[Records drawn from a dataset]
________

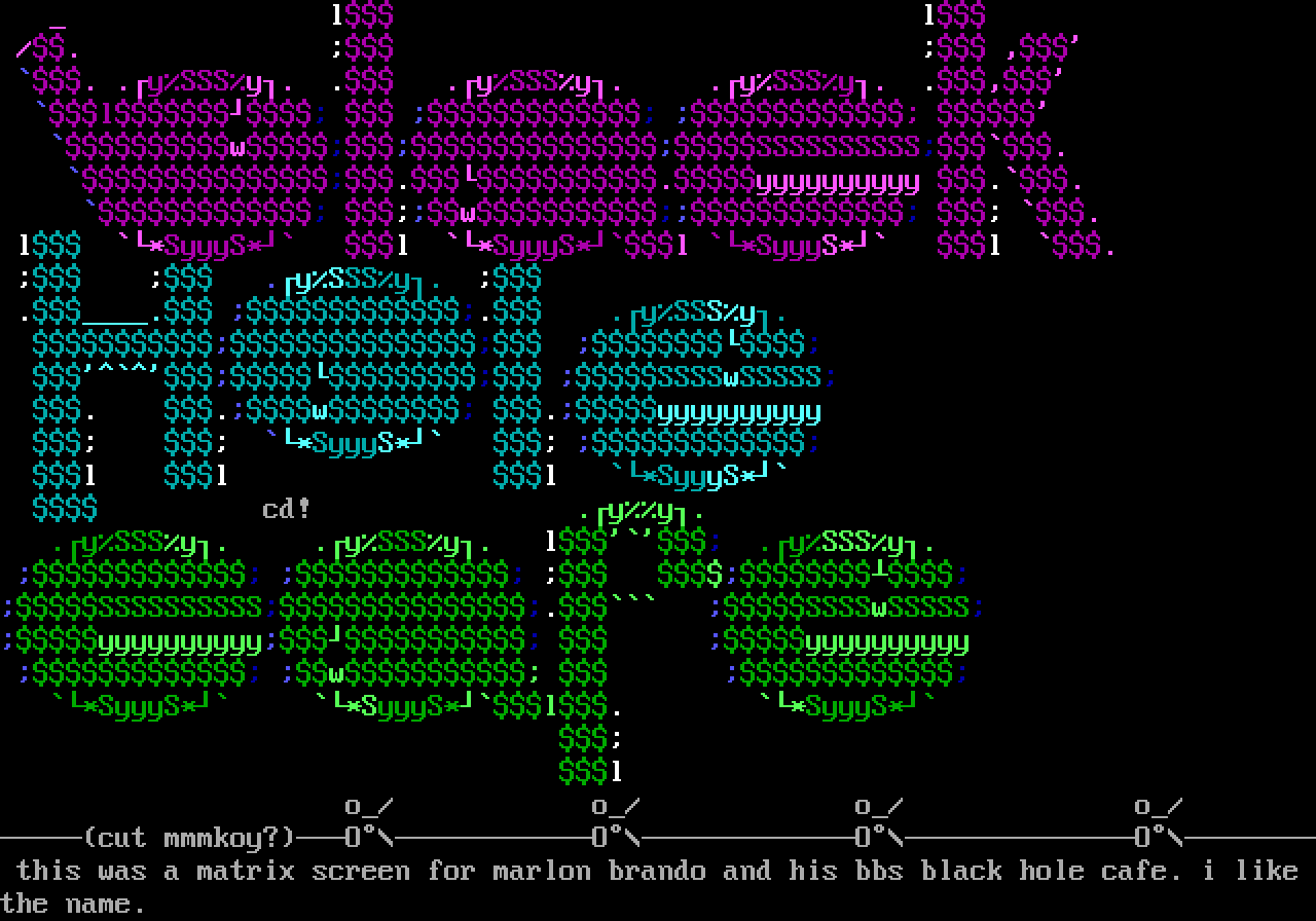 cut mmmkoy?OOOO this was a matrix screen for marlon brando and his bbs black hole cafe. i like
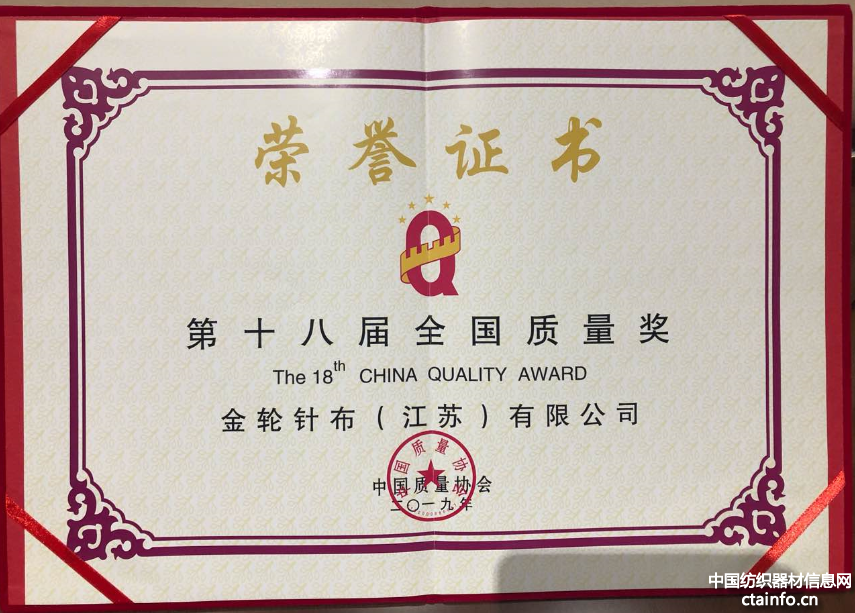 随着几年来卓越绩效模式的深入推进,通过三层次管理成熟度的持续评价与改进,金轮针布取得了卓有成效的发展。为了检验公司推行卓越绩效模式的成果,同时希望通过“以评价促改进,以申奖促提升”,金轮针布于2009年起陆续参加地方、省、国家质量奖的申报,通过持续努力,不断改进提升,公司先后获得了2009年海门市市长质量奖;2015年荣获第四届全国纺织行业质量奖和南通市市长质量奖;2016年度获得“全国实施卓越绩效模式先进企业”荣誉;2017年获评“全国质量奖鼓励奖”;2018年全国纺织行业质量奖复评再次获奖;2019年成功取得第十八届全国质量奖。此外,金轮针布还被江苏省质监局授予“中小企业卓越绩效模式培训基地”。
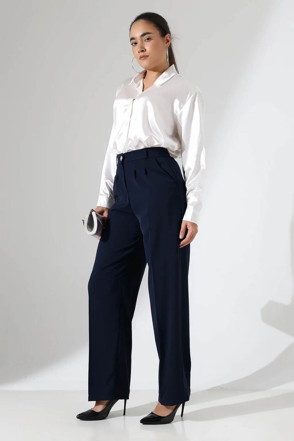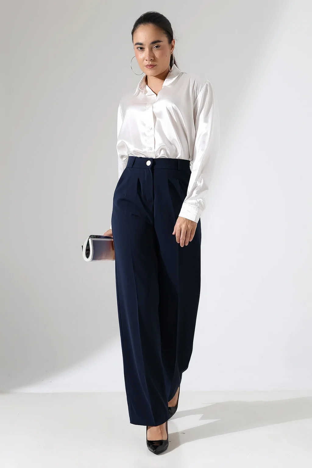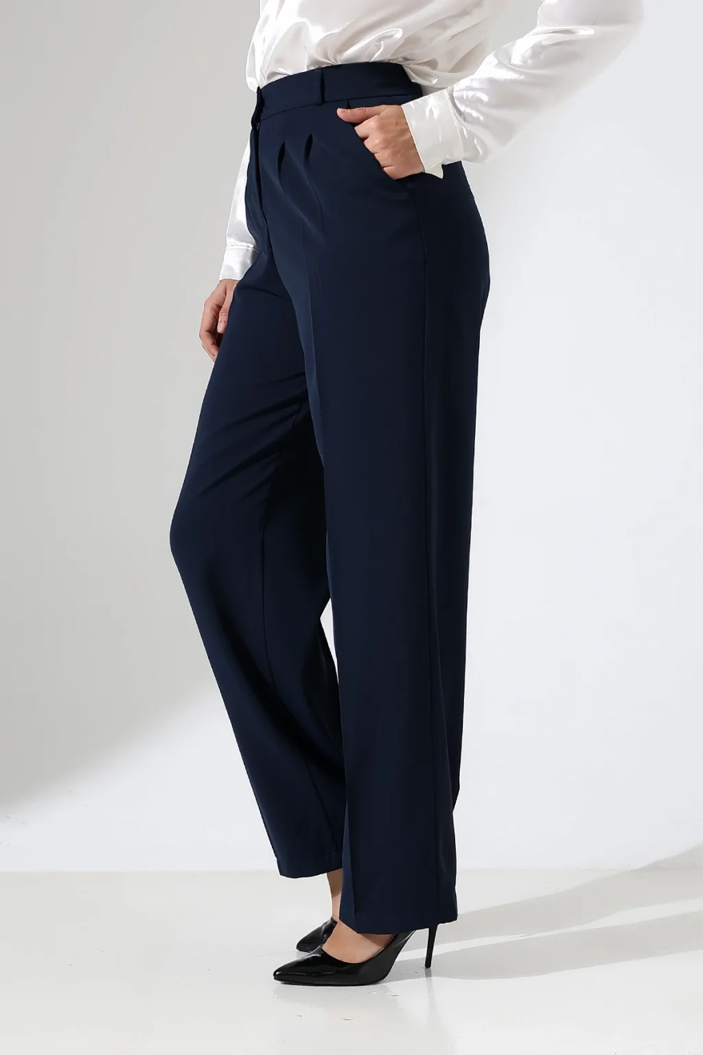 Kadın Arkası Lastikli Yüksek Bel Lacivert Palazzo Pantolon
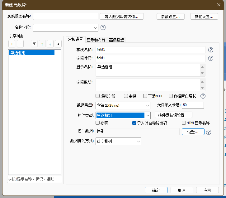 - 其他配置说明请查阅章节 元数据>字段显示与布局
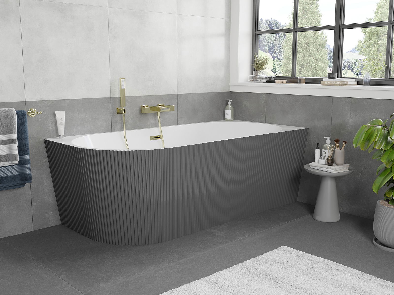 Mexen Silo voľne stojaca rohová pravá ryhovaná vaňa 150 x 75 cm, biela/sivá, preliv zlatý - 52891507562P-50
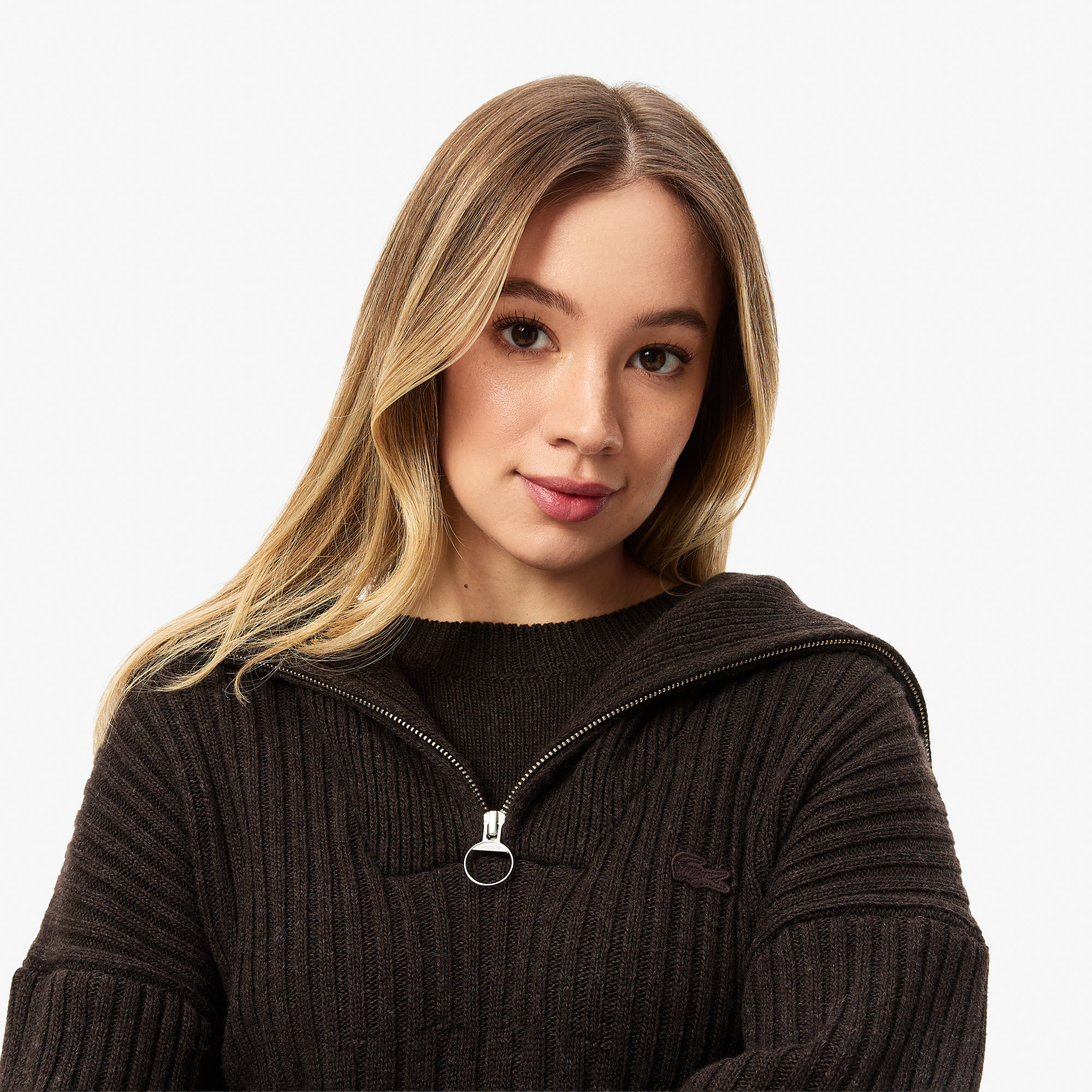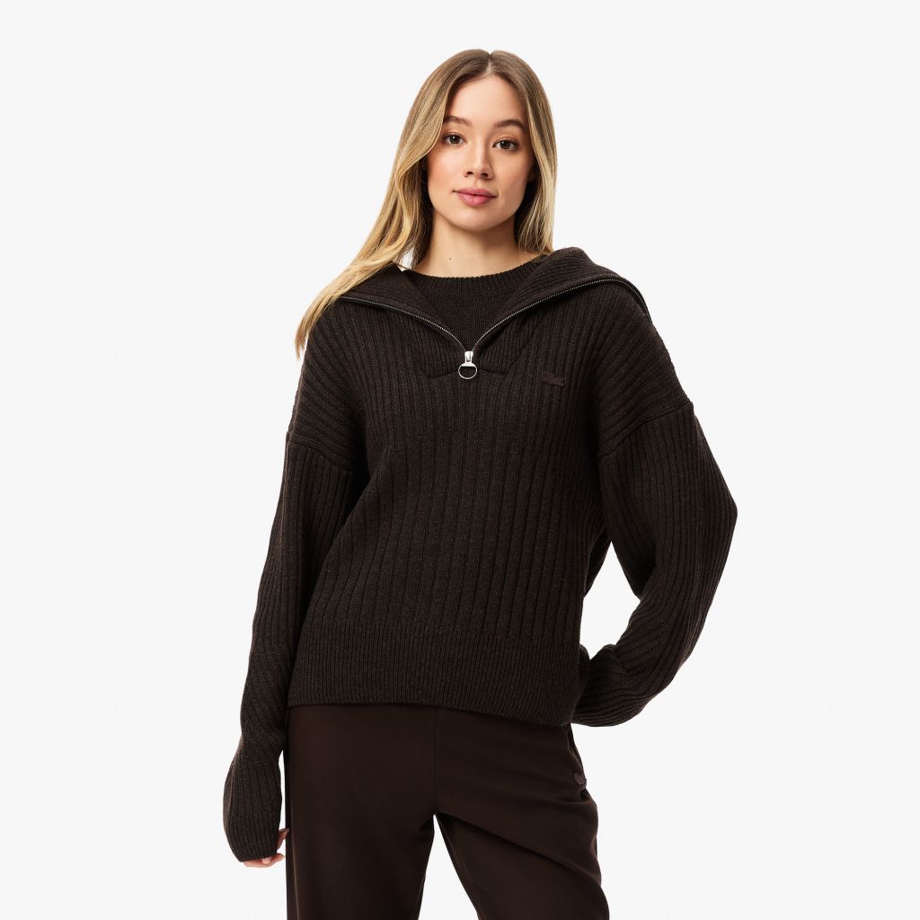 Женский свитер Lacoste с высоким воротом на молнии классического кроя

________

_Exercise brief_.
An exact copy of every record above is needed, with all pictures left out.

_Solution to this task_.
 cut mmmkoy?OOOO this was a matrix screen for marlon brando and his bbs black hole cafe. i like
 随着几年来卓越绩效模式的深入推进,通过三层次管理成熟度的持续评价与改进,金轮针布取得了卓有成效的发展。为了检验公司推行卓越绩效模式的成果,同时希望通过“以评价促改进,以申奖促提升”,金轮针布于2009年起陆续参加地方、省、国家质量奖的申报,通过持续努力,不断改进提升,公司先后获得了2009年海门市市长质量奖;2015年荣获第四届全国纺织行业质量奖和南通市市长质量奖;2016年度获得“全国实施卓越绩效模式先进企业”荣誉;2017年获评“全国质量奖鼓励奖”;2018年全国纺织行业质量奖复评再次获奖;2019年成功取得第十八届全国质量奖。此外,金轮针布还被江苏省质监局授予“中小企业卓越绩效模式培训基地”。
 Kadın Arkası Lastikli Yüksek Bel Lacivert Palazzo Pantolon
 - 其他配置说明请查阅章节 元数据>字段显示与布局
 Mexen Silo voľne stojaca rohová pravá ryhovaná vaňa 150 x 75 cm, biela/sivá, preliv zlatý - 52891507562P-50
 Женский свитер Lacoste с высоким воротом на молнии классического кроя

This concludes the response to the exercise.